RECORDS PROVIDED section start

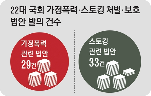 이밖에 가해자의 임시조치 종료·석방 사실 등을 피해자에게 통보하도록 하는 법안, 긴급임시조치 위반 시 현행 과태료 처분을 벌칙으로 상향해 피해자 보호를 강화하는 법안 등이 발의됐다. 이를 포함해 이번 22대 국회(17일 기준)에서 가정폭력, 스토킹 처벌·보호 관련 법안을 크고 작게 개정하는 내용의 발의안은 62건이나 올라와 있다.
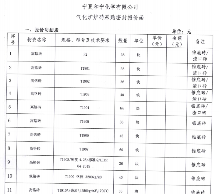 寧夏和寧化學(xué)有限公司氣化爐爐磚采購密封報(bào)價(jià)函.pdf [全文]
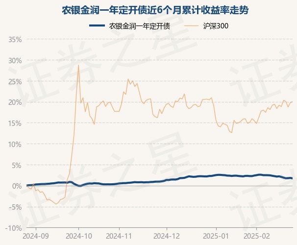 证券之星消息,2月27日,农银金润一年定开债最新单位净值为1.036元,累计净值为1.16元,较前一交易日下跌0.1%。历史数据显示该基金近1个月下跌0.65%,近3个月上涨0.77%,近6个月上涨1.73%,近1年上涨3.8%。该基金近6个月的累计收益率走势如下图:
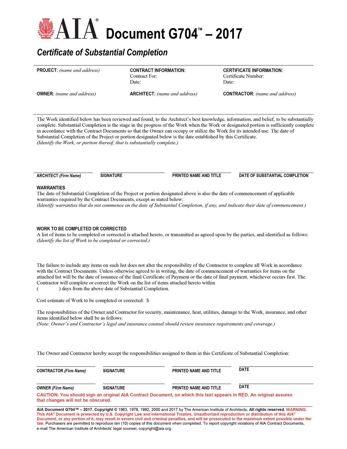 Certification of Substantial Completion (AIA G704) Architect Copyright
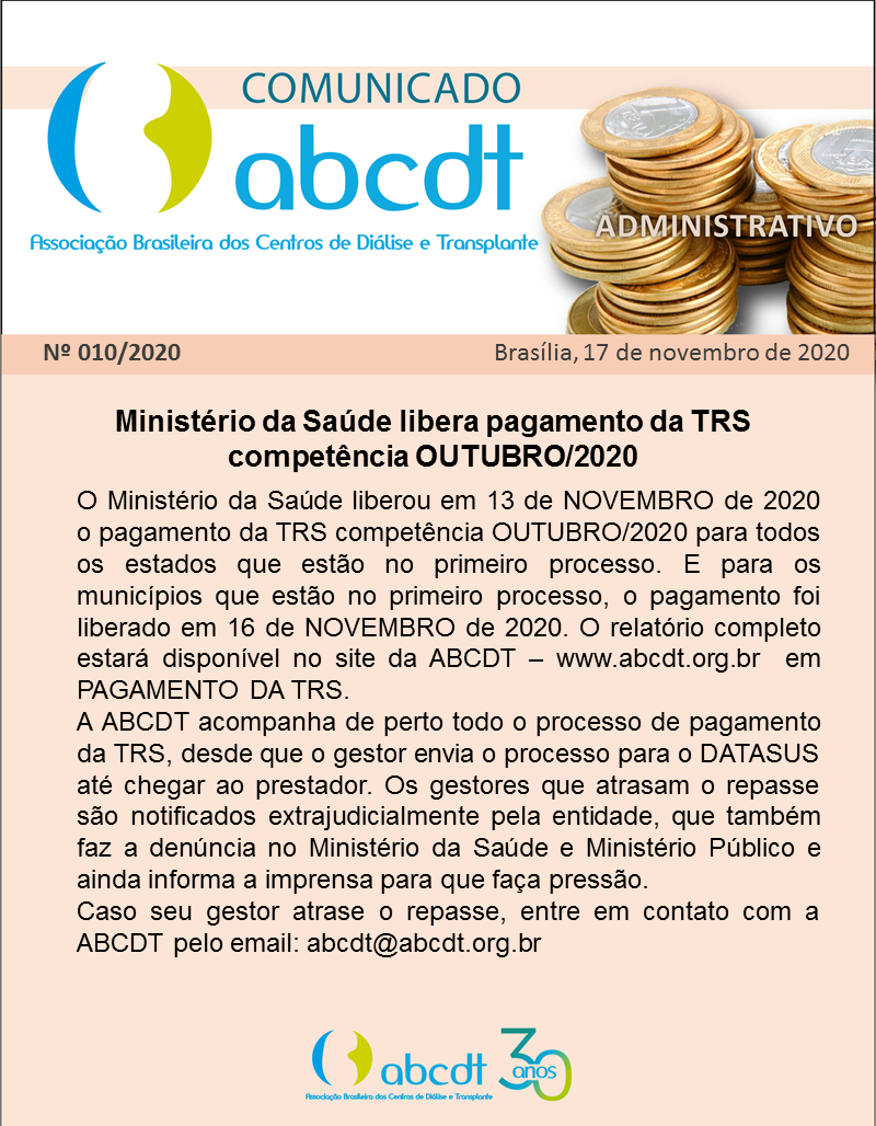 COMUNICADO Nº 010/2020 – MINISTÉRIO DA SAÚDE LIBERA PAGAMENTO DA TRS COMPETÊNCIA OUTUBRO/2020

RECORDS PROVIDED section end

PROBLEM REQUIREMENTS: Could you reproduce exactly the lines from the one containing "证券之星消息,2月27日,农" through the last line of the records, both included, leaving out the pictures?

EXPECTED ANSWER:
 证券之星消息,2月27日,农银金润一年定开债最新单位净值为1.036元,累计净值为1.16元,较前一交易日下跌0.1%。历史数据显示该基金近1个月下跌0.65%,近3个月上涨0.77%,近6个月上涨1.73%,近1年上涨3.8%。该基金近6个月的累计收益率走势如下图:
 Certification of Substantial Completion (AIA G704) Architect Copyright
 COMUNICADO Nº 010/2020 – MINISTÉRIO DA SAÚDE LIBERA PAGAMENTO DA TRS COMPETÊNCIA OUTUBRO/2020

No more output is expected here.